Elinor Carucci
Midlife
10/12/2019
01/02/2020
FIFTY ONE TOO
Opening reception: Saturday, September 7th 2019 from 2 to 6 pm
Gallery FIFTY ONE TOO is delighted to present ‘Midlife’, the latest body of work from the renowned New York based photographer Elinor Carucci. The exhibition features a complete overview of small scale photographs collected from her recently published and fourth monograph, ‘Midlife’ (The Monacelli Press).
Elinor Carucci
As Elinor Carucci’s photographic diary continues to evolve, she takes us into the details of her surroundings, her family life and her home. By narrowing the way she looks at things, the more she is able to see. Carucci takes the viewer into a very private part of her world. Marks on a body from bed sheets after waking, the imprint of a zipper on skin looks familiar and beautiful, a few dark hairs on an upper lip reveal a flaw in an otherwise perfect and sensual mouth. Carucci photographs the stitches on a finger, and it becomes eerie and striking, mimicking the pattern of eyelashes from a very separate and quiet photo. All are the results of reality, living and seeing, capturing accidents with artful intention.

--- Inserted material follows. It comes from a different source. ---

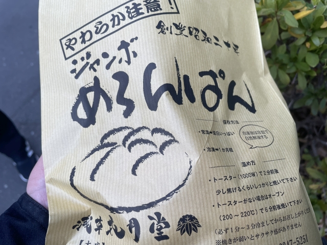 拝んだ後はジャンボめろんぱんを食べて来ました。

Since her gallery debut in 1997, Carucci’s reputation has grown internationally with solo exhibitions in London, Frankfurt, Prague, and Jerusalem. Her work has been extensively published and collected by numerous institutions and private collectors.
biography
Born in Jerusalem, Israel in 1971
Lives and works in New York, US
Background
At first, Carucci photographed her mother, father and brother, and then later the extended family. At a certain stage, she began shooting her mother and herself as a series of pictures, serving as work subjects.
The second stage of her work was shooting in colour. No advance warning, no cooperation. To snap, to develop, to check and over again. The frame became flexible and hospitable. What she had previously considered improvisation, marginal, came close to the centre and became the theme itself.
But how much can one interfere in the pictured situation? Does altering the lighting create a different situation? Does a bit of cleaning up or changing clothes before photographing keep one faithful to the reality of what one is trying to document? Maybe some of the photos are what you would like things to be and not how they really are?
The preferred situation: Don’t think, just shoot, just shoot.